At the present stage of international affairs I consider it hazardous to publish the “Draft of confidential statement as to the motives of my retirement from office.” The interest of Germany in keeping it secret for the immediate future seems to me to be greater than the interest of history in its publication now.

“Notes on my Retirement.

“The Vice-President of the Ministry of State (von Bötticher) declared that he and his colleagues were deeply grieved at my retirement. He had hitherto hoped that the only differences of opinion between his Majesty and myself were connected with home domestic policy, and therefore that the arrangement indicated by me, namely, that I should confine myself to the control of foreign affairs, would prove a satisfactory solution. My withdrawal from all my offices involved incalculable difficulties; and although he could understand my displeasure, he could only beg me urgently to come to a compromise.

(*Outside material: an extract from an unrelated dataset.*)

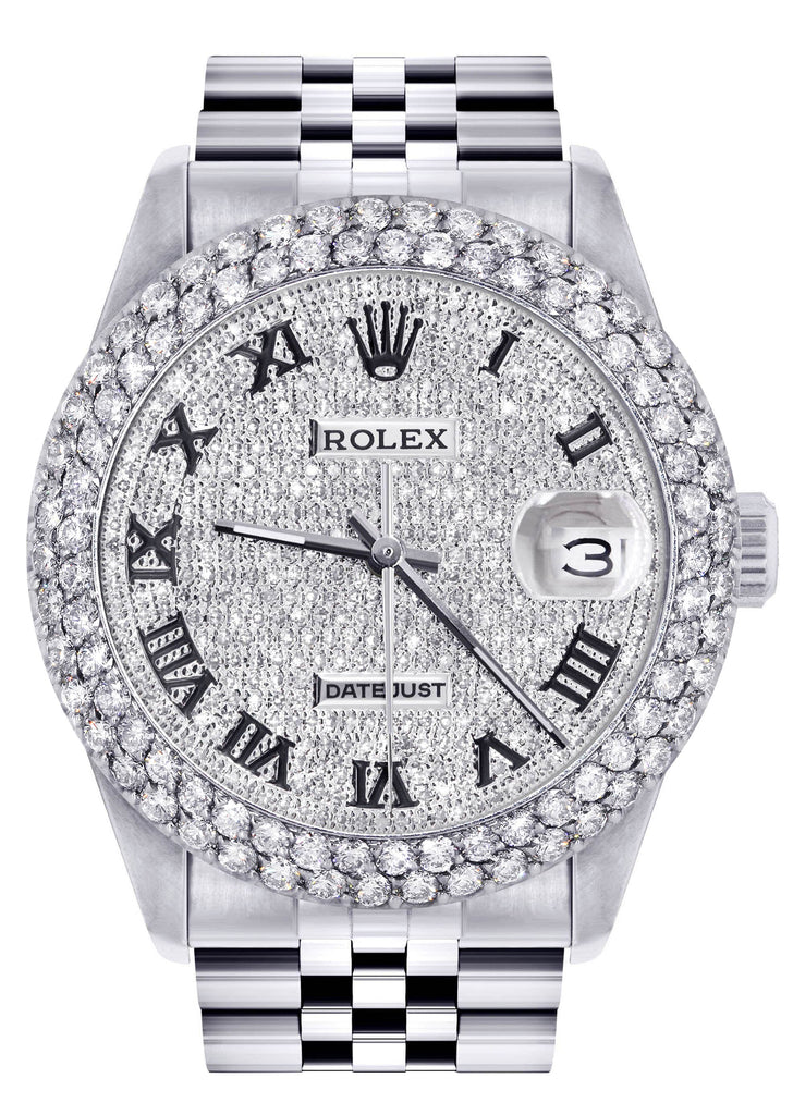 Mens Rolex Datejust Watch 16200 | 36Mm | Full Diamond Roman Numeral Dial | Two Row 4.25 Carat Bezel | Jubilee Band

“I replied: The expedient of withdrawing from the Prussian service and confining myself to the position of Imperial Chancellor had met with objections from the Federal Governments and the Imperial Diet. It is felt to be desirable that the Chancellor should have an official position in which he can control the casting of the Prussian vote; and I, too, could not accept a position in which I should be obliged to take from the Prussian Ministers instructions in the preparation of which I had had no part. Therefore this expedient also would not be free from difficulties.

“The Minister of Finance declared that the Order of the 8th of September, 1852, by no means went beyond what was necessary, and could not form an insurmountable difficulty. And also so far as the difficulties in the matter of foreign affairs were concerned, he could only agree with the Minister of State, von Bötticher, that a compromise ought to be sought. Besides, if the retirement took place not for reasons of health, but on political grounds, and from all offices, then the Ministry of State itself would have to consider whether it should not take part in this step. Perhaps that would contribute to avert the fatal event.

“The Ministers of Public Worship and of Justice considered that the differences referred to were due solely to a misunderstanding, which it might be possible to clear up for his Majesty. The Minister of War added, that for a long time past his Majesty had not let fall a single word that had any reference to warlike complications with Russia.

“The Minister of Public Works (Maybach) described my retirement as a misfortune for the security of the country and the peace of Europe. Every possible effort should be made to avert it. In these circumstances he considered that the Ministers should place their offices at the disposal of his Majesty, and he at least was determined to do so.

“The Minister for Agriculture declared that if I were convinced that my retirement was desired in the highest quarter I could not be dissuaded from this step. But in any case the Ministry would then have to consider what course it should adopt.”